In the English classroom, students have been reading and discussing the book together. They have also used the book and the topics it touches on to learn about and produce descriptive, cause and effect, compare or contrast, and persuasive types of writing. They have done oral presentations, and some students have even gotten involved with community environmental projects. “Clearly,” says one English Composition professor, “many students appeared to be shocked and fully unaware of the world’s current problems … but then they warmed up to [Beavan’s] family, started to care, and became very vocal about environmental issues and the seriousness of the problem.”
“We chose the book,” says Marshall, “because we want our students to have meaningful learning experiences outside of the classroom. … We also wanted to have our students join in real global conversations, and environmental concerns definitely fall into that category.” In addition to coordinating sponsorship for the program with the book’s publisher and making related resources available to faculty, Dr. Marshall coordinates community involvement. “Our students [are] reading the book, going to [the author’s lecture], and participating in river clean-ups,” Marshall says.
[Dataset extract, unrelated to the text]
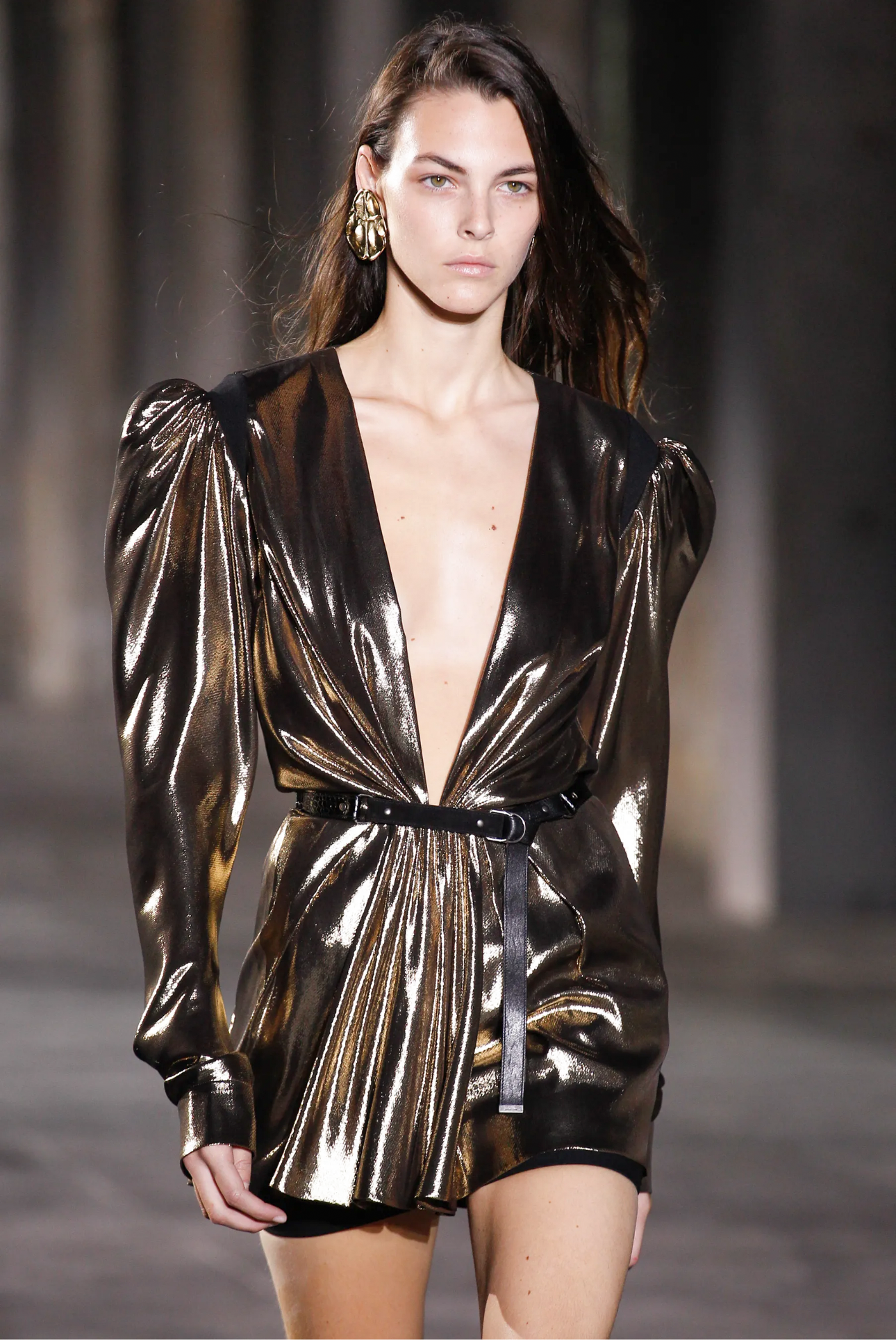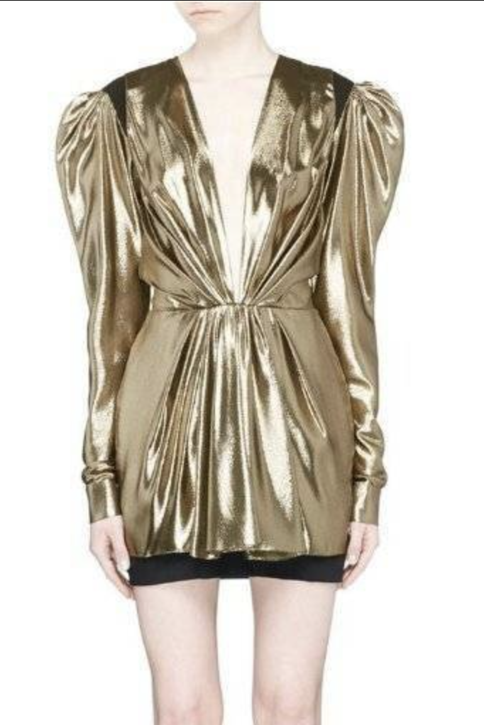 Saint Laurent Gold Deep V Neck Lame Extended Shoulder Dress Spring 2017
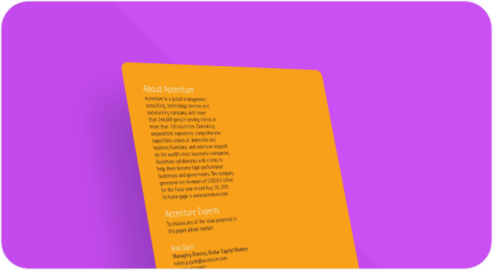 €bout €ccenture €ccenture is a global management consulting, technology services and outsourcing comany, ith more than š››,……… eole serving clients in more than ‰š… countries ‹ombining unaralleled exerience, comrehensive caabilities across all industries and business functions, and extensive research on the orld’s most successful comanies, €ccenture collaborates ith clients to hel them become higherformance businesses and governments The comany generated net revenues of ’Sœšžž billion for the fiscal year ended €ug „‰, š…‰‰ Its home age is accenturecom €ccenture Exerts To discuss any of the ideas resented in this aer lease contact‚ Bob ach anaging Director, loal Capital arets robertgachŸaccenturecom ¡‰ Љ¢ ›žš žŠžš —ean £ayson enior ecutive, Capital arets deanl‘aysonŸaccenturecom ¡›› š…¢ Œ›› ŒšŠž £ames Sroule Head of Capital arets esearch ‘amesrsrouleŸaccenturecom ¡›› š…¢ Œ›› „„Œ¢ †liver ¤night Capital arets trategy oliverhknightŸaccenturecom ¡›› š…„ „„ž 𥥢 ‹hristoher Hook Capital arets trategy christoher‘hookŸaccenturecom ¡›› š…„ „„ž ‰„¢„ Copyright © 2012 Accenture All rights reserved. Accenture, its logo, and High Performance Delivered are trademars of Accenture.

There are, in fact, several activities going on that Marshall has coordinated with organizations such as the St. Johns Riverkeeper (www.stjohnsriverkeeper.org) and the Duval County Cooperative Extension Service (http://duval.ifas.ufl.edu/about_us.shtml).
The feature event of this learning community project will be a visit by the author, Colin Beavan (www.colinbeavan.com), to FSCJ’s campus on March 8. Students and instructors will get to talk with Mr. Beavan, and the event, to be held at 7 pm in the South Campus Wilson Center theatre, is free and open to the public so that the whole community can get involved. Marshall says, “Reading a book and actually having the author visit the school leaves a lasting impact on our students.” Get your copy of No Impact Man, Jacksonville, and join FSCJ in making a positive difference.